Leaving every picture out, please return exactly the lines from the top of the material below through the line with "Salmone Scozzese affumicato", both included.

- Data for this task:

=== Begin Enclosure ===

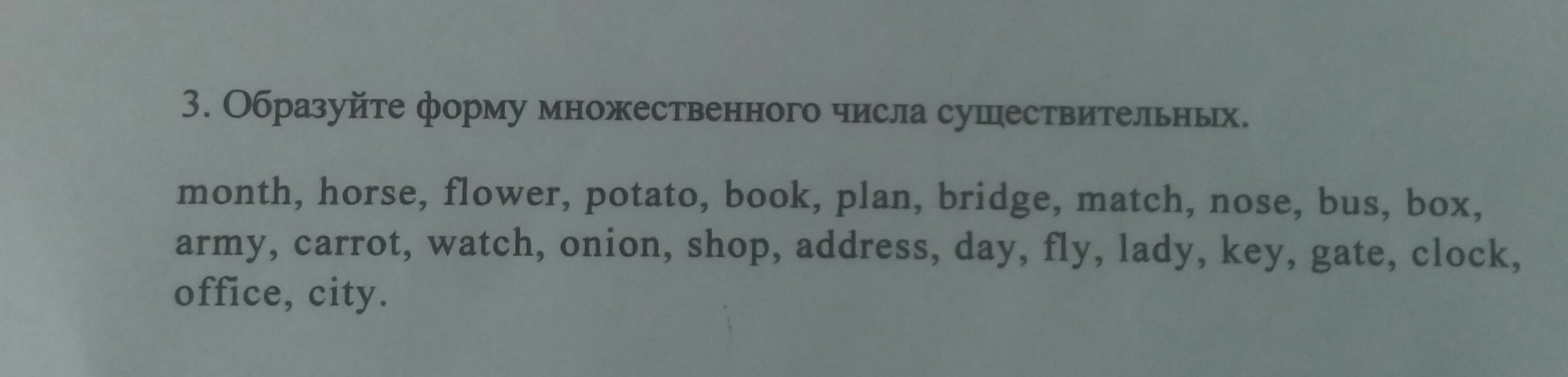 months horses flowers potatoes books plans bridges matches noses buses boxes armies corrots watches onoins shop addressea day flieges ladies keys gates clocks offices cities
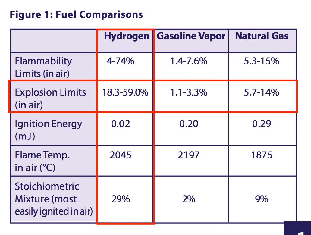 Note H2’s wider ‘Explosive Limits’ and the lower amount of energy needed to (accidentally) ignite it.
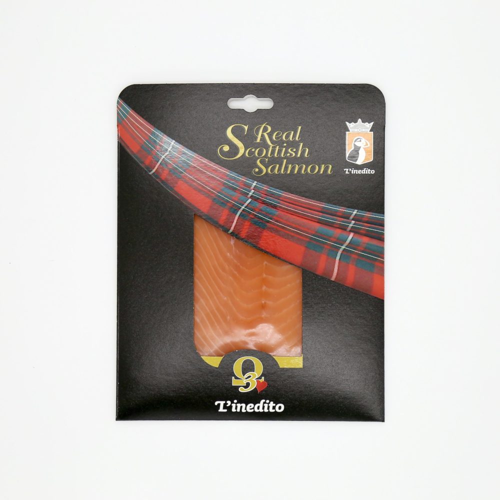 Salmone Scozzese affumicato fetta lunga 100g, confezionato sottovuoto in film neutro ed inserito in astuccio ROYAL.
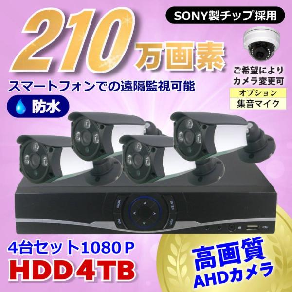 防犯カメラ 210万画素 4CH DVRレコーダーSONYカメラ4台セット HDD4TB AHD 1080P フルHD 高画質 録画屋外 屋内 赤外線 夜間撮影 3.6mmレンズ
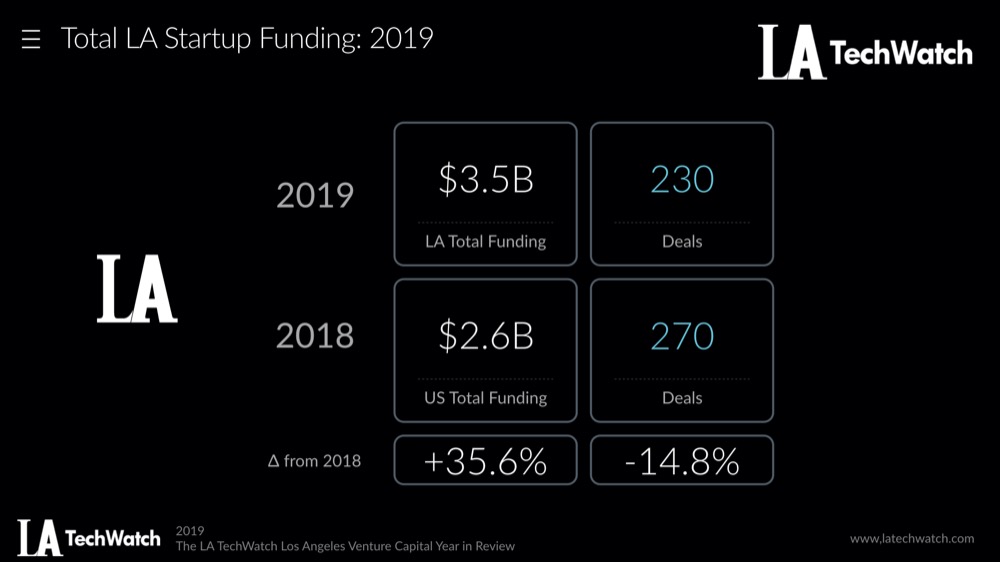 $3.5B was invested in LA #startups in 2019 in LA across 230 deals Tweet This
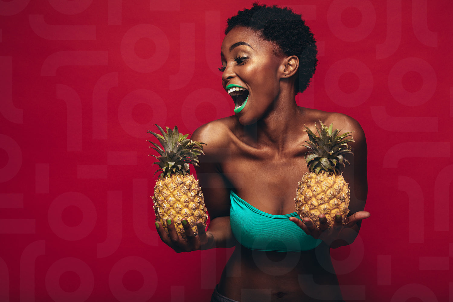 Black woman with pineapples in hand. Laughing female fashion model laughing over red background.
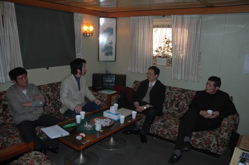 董總一行首先進行了現場檢查,詳細了解“明州20”輪安全、生產、管理及船員生活情況,并與船上領導進行了親切座談。董總對“明州20”輪2009年各項工作取得的成績表示肯定,并提出了要求:一是面對嚴峻的市場形勢,全體船員必須樹立信心,抓安全、促生產;二是加大船舶自修保養力度,使船風船貌建設上新臺階;三是積極開展“增收節支、降本增效”競賽活動,創造更大的經濟效益;四是切實做好今年春運期間船舶的安全營運,努力營造“和諧、安全、優質、有序”的春運環境;五是針對當前電煤運輸緊張狀況,牢固樹立大局意識,發揚“舍小家,為大家”的奉獻精神,全力以赴做好電煤運輸生產。
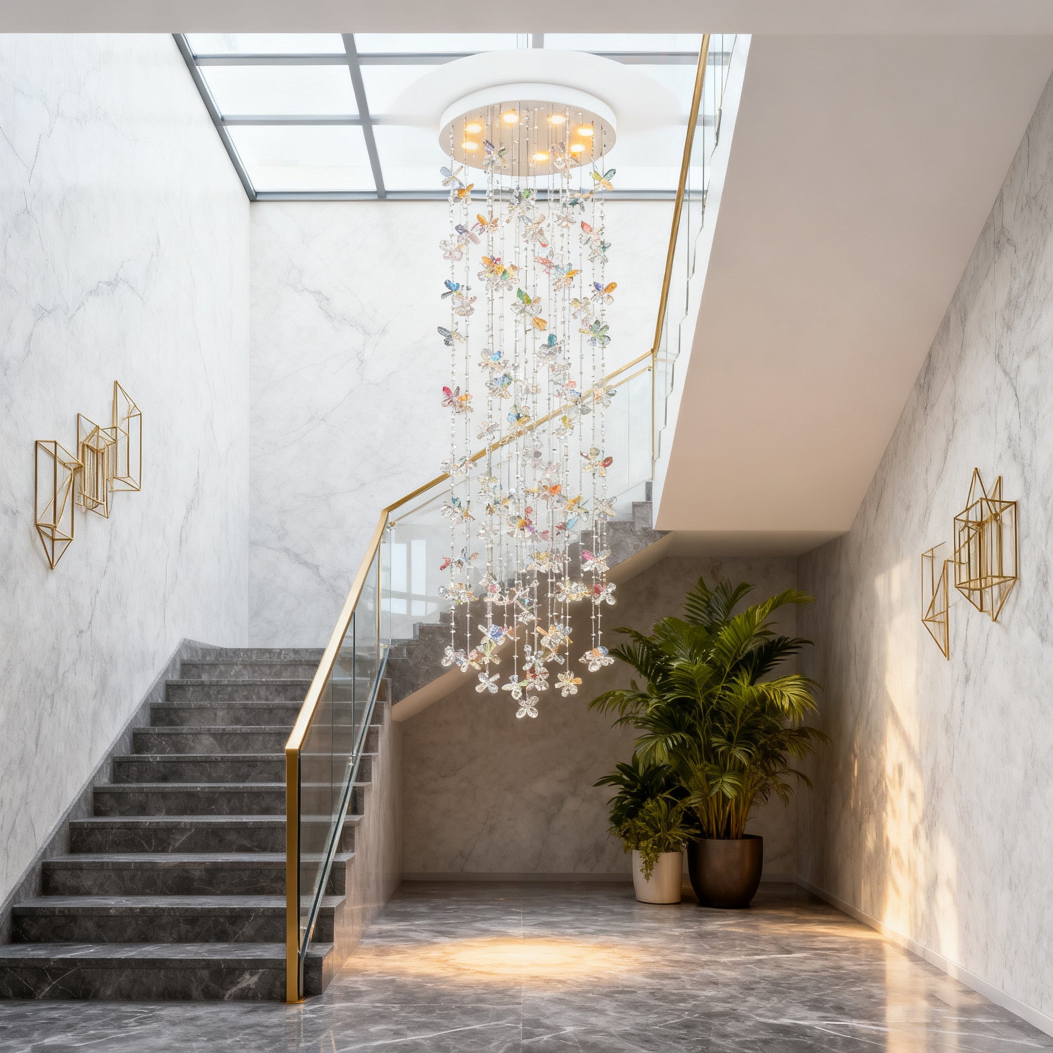 The modern long chandelier is a stunning crystal lighting fixture designed to enhance your staircase with elegance. This customizable chandelier adds a touch of luxury to any space. With its sparkling crystal accents, it creates a dazzling display of light and beauty. The size of the chandelier can be tailored to fit your staircase perfectly, making it a statement piece that elevates the ambiance of your home. Illuminate your staircase with this exquisite modern chandelier and create a captivating focal point.
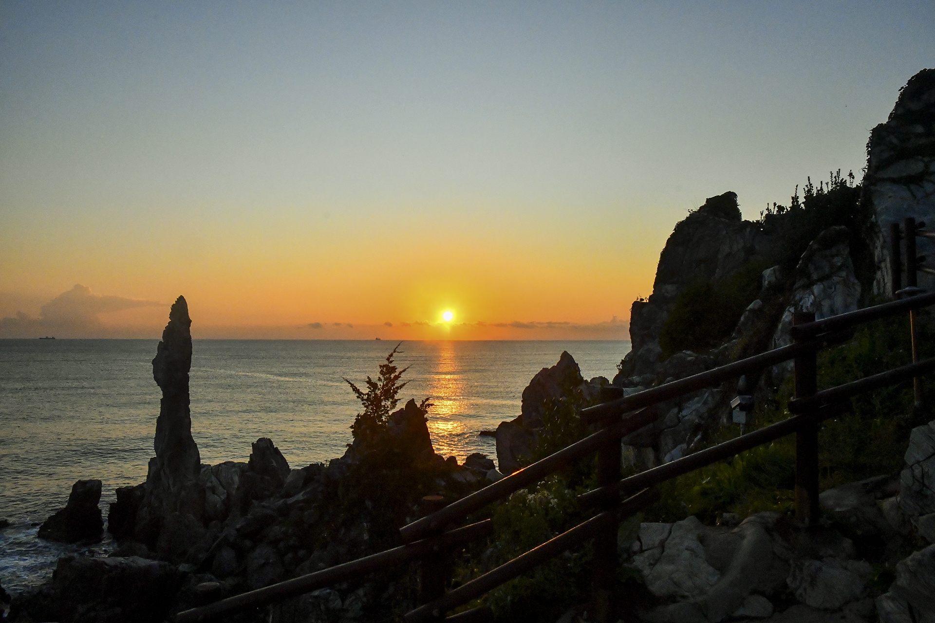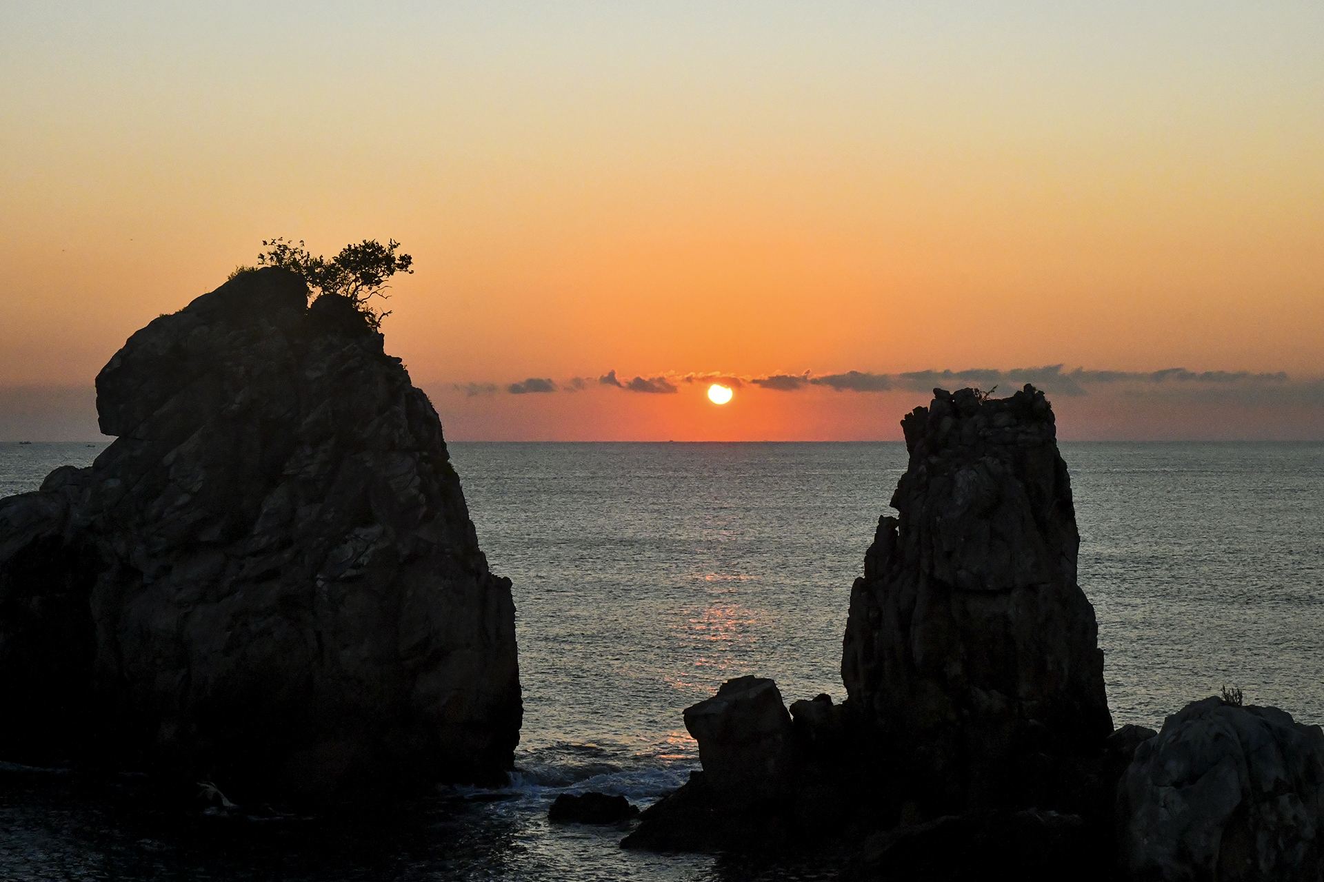 하늘이 밋밋하긴 하지만 꼭 보고싶었던 촛대바위 일출을 맞이하는 순간이다.
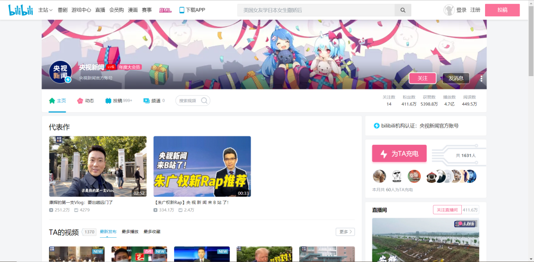 央视的新闻节目严肃且权威,长久以来形成良好的品牌效应,一向都是央视主流媒体内容供应的重中之重。但再重要的内容在有效传达给观众之前,都只是事实而不能成为新闻。为此,央视的新闻节目开始进军年轻人关心的各个领域,入驻B站抖音、发布vlog,成功抢占关注,逐步改变公众对央视内容生产的认知。
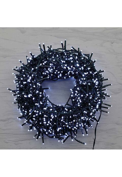 Prolunga da 3 metri. Trasformatore incluso IP44 per uso Interno/Esterno. Filo verde e giochi luce fredda a bassa tensione. Led da 3 mm e distanza tra led 2 cm - Funzione memory. Scatola inclusa.
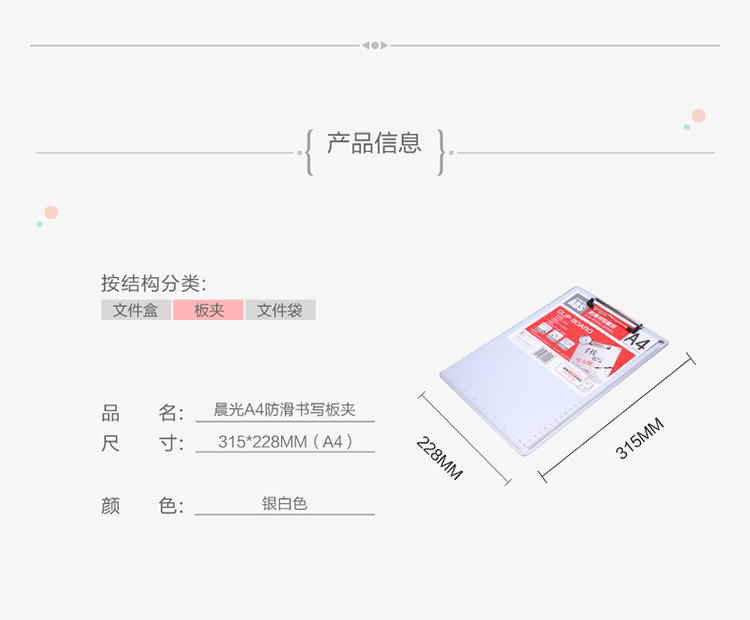 商品名称:晨光板夹A4线型夹防滑书写ADM94863

=== End Enclosure ===

- Exercise response:
 months horses flowers potatoes books plans bridges matches noses buses boxes armies corrots watches onoins shop addressea day flieges ladies keys gates clocks offices cities
 Note H2’s wider ‘Explosive Limits’ and the lower amount of energy needed to (accidentally) ignite it.
 Salmone Scozzese affumicato fetta lunga 100g, confezionato sottovuoto in film neutro ed inserito in astuccio ROYAL.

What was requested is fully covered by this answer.